Collected data:
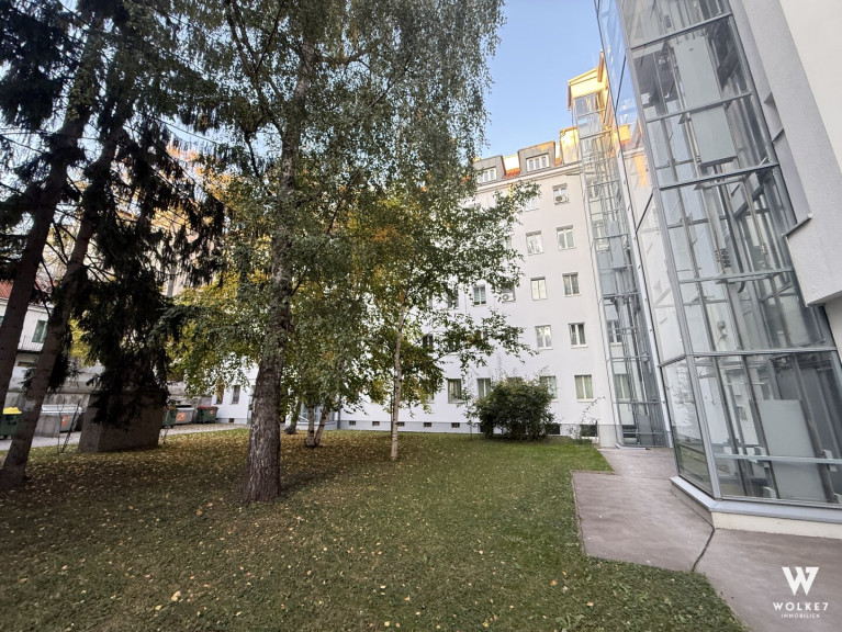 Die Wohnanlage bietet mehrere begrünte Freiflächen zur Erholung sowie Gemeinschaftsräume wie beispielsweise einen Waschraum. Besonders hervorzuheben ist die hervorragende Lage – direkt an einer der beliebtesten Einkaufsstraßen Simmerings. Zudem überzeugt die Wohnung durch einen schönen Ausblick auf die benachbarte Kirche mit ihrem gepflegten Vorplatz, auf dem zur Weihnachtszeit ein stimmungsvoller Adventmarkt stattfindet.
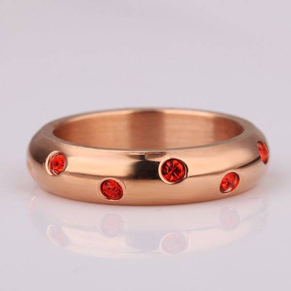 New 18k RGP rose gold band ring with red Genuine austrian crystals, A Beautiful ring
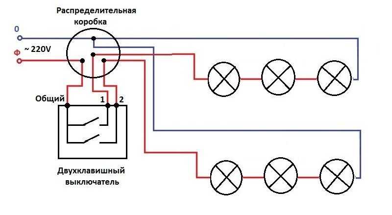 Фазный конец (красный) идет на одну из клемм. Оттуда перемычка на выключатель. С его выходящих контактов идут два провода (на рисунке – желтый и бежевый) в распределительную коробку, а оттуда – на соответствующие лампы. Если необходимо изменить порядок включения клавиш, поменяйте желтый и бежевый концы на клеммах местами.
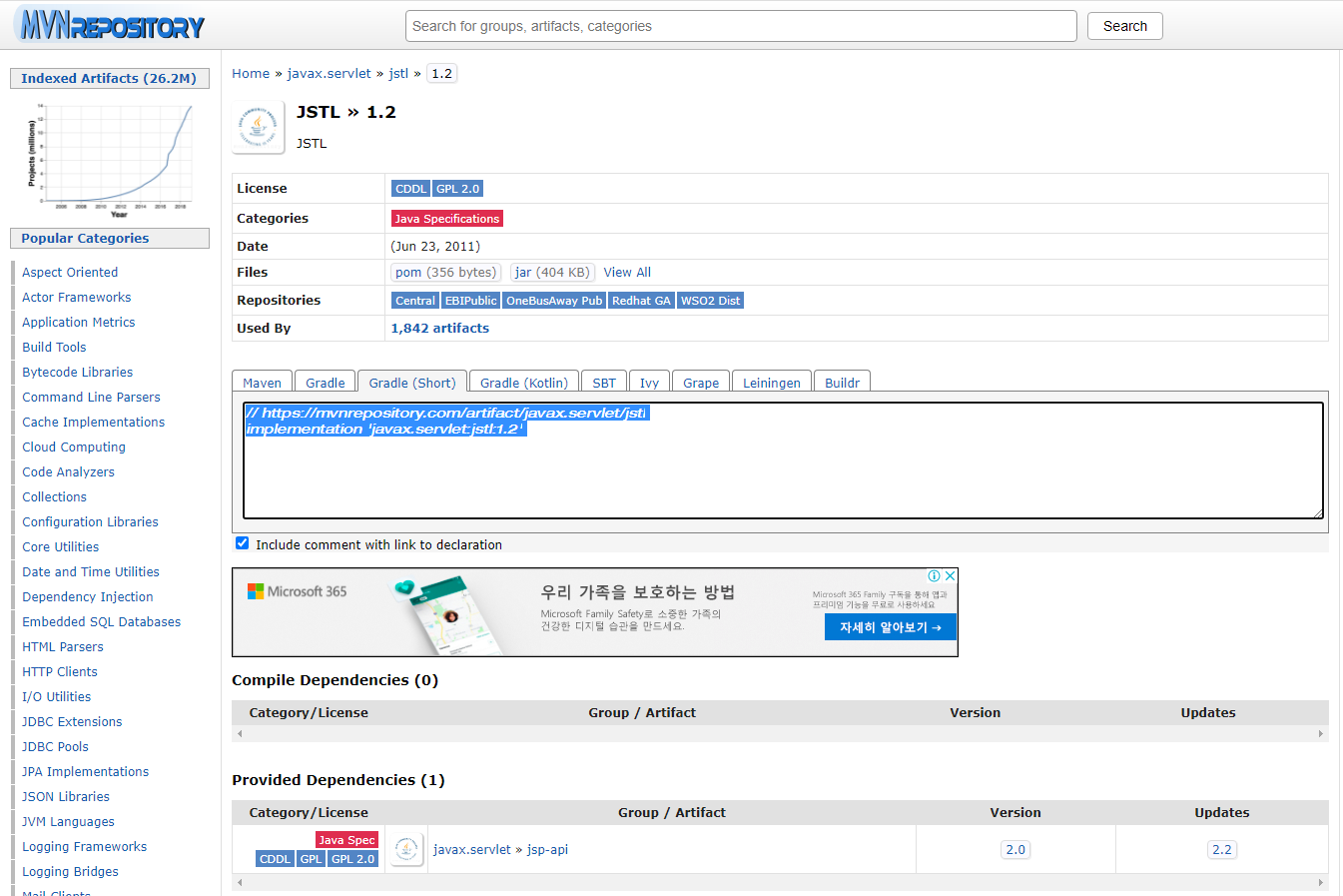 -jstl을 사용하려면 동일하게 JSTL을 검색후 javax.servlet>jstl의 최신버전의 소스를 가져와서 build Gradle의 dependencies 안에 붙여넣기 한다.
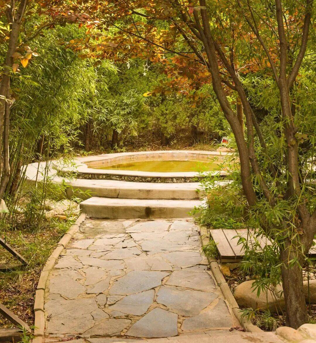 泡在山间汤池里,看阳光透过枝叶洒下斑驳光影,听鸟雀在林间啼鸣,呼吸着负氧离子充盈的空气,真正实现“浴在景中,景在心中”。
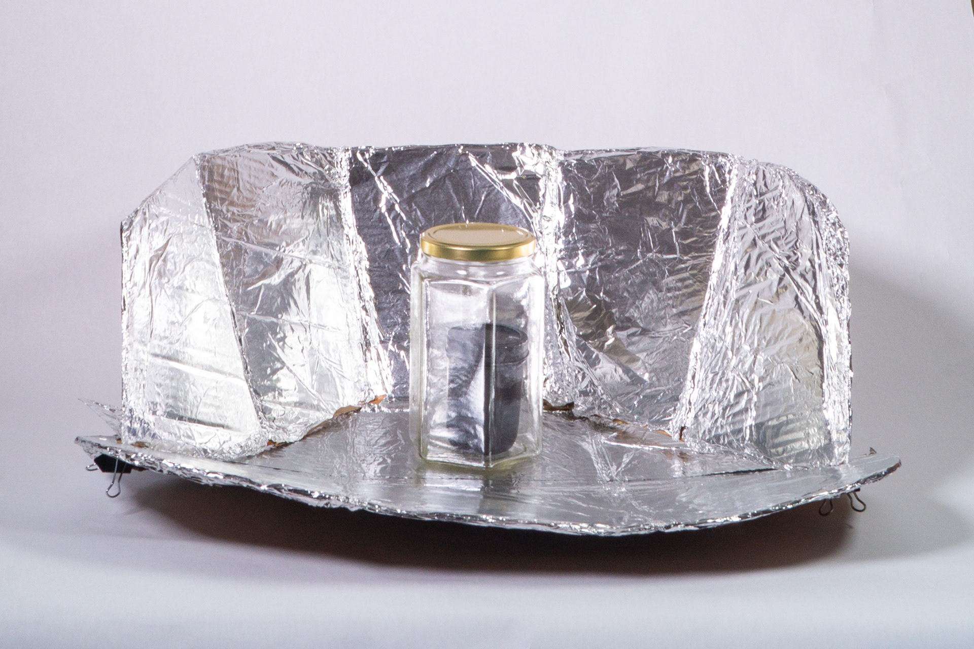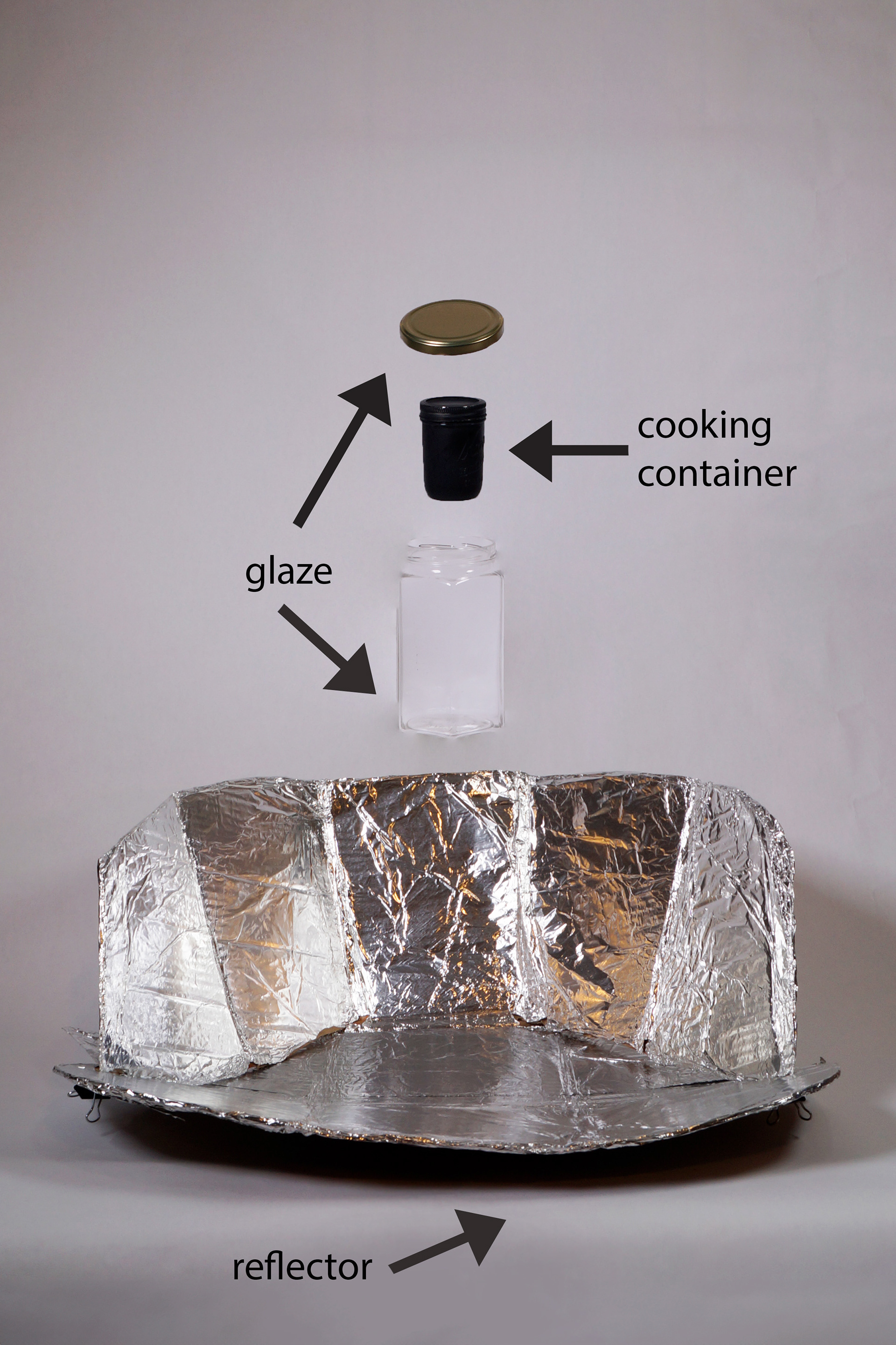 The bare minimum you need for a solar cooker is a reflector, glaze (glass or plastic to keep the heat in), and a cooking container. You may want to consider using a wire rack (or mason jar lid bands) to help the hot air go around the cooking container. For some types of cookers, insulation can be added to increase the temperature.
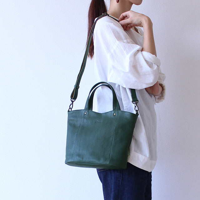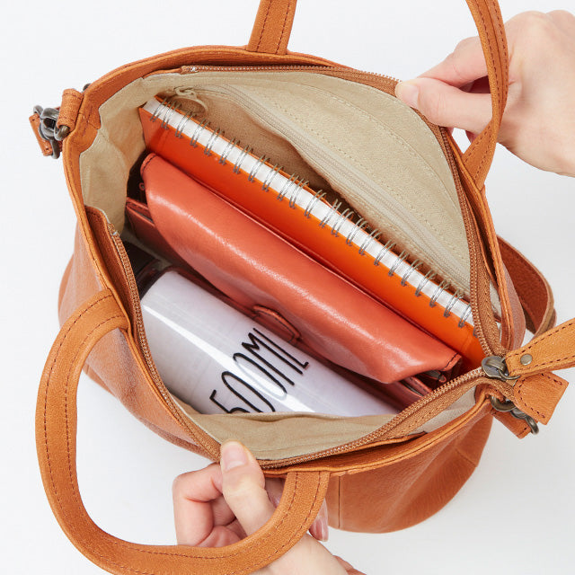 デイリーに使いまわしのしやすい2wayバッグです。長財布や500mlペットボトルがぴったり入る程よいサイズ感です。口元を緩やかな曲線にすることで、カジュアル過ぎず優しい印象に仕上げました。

WHAT IS NEEDED = Each line above is to be transcribed exactly, though its pictures are not.

ANSWER SECTION =
 Die Wohnanlage bietet mehrere begrünte Freiflächen zur Erholung sowie Gemeinschaftsräume wie beispielsweise einen Waschraum. Besonders hervorzuheben ist die hervorragende Lage – direkt an einer der beliebtesten Einkaufsstraßen Simmerings. Zudem überzeugt die Wohnung durch einen schönen Ausblick auf die benachbarte Kirche mit ihrem gepflegten Vorplatz, auf dem zur Weihnachtszeit ein stimmungsvoller Adventmarkt stattfindet.
 New 18k RGP rose gold band ring with red Genuine austrian crystals, A Beautiful ring
 Фазный конец (красный) идет на одну из клемм. Оттуда перемычка на выключатель. С его выходящих контактов идут два провода (на рисунке – желтый и бежевый) в распределительную коробку, а оттуда – на соответствующие лампы. Если необходимо изменить порядок включения клавиш, поменяйте желтый и бежевый концы на клеммах местами.
 -jstl을 사용하려면 동일하게 JSTL을 검색후 javax.servlet>jstl의 최신버전의 소스를 가져와서 build Gradle의 dependencies 안에 붙여넣기 한다.
 泡在山间汤池里,看阳光透过枝叶洒下斑驳光影,听鸟雀在林间啼鸣,呼吸着负氧离子充盈的空气,真正实现“浴在景中,景在心中”。
 The bare minimum you need for a solar cooker is a reflector, glaze (glass or plastic to keep the heat in), and a cooking container. You may want to consider using a wire rack (or mason jar lid bands) to help the hot air go around the cooking container. For some types of cookers, insulation can be added to increase the temperature.
 デイリーに使いまわしのしやすい2wayバッグです。長財布や500mlペットボトルがぴったり入る程よいサイズ感です。口元を緩やかな曲線にすることで、カジュアル過ぎず優しい印象に仕上げました。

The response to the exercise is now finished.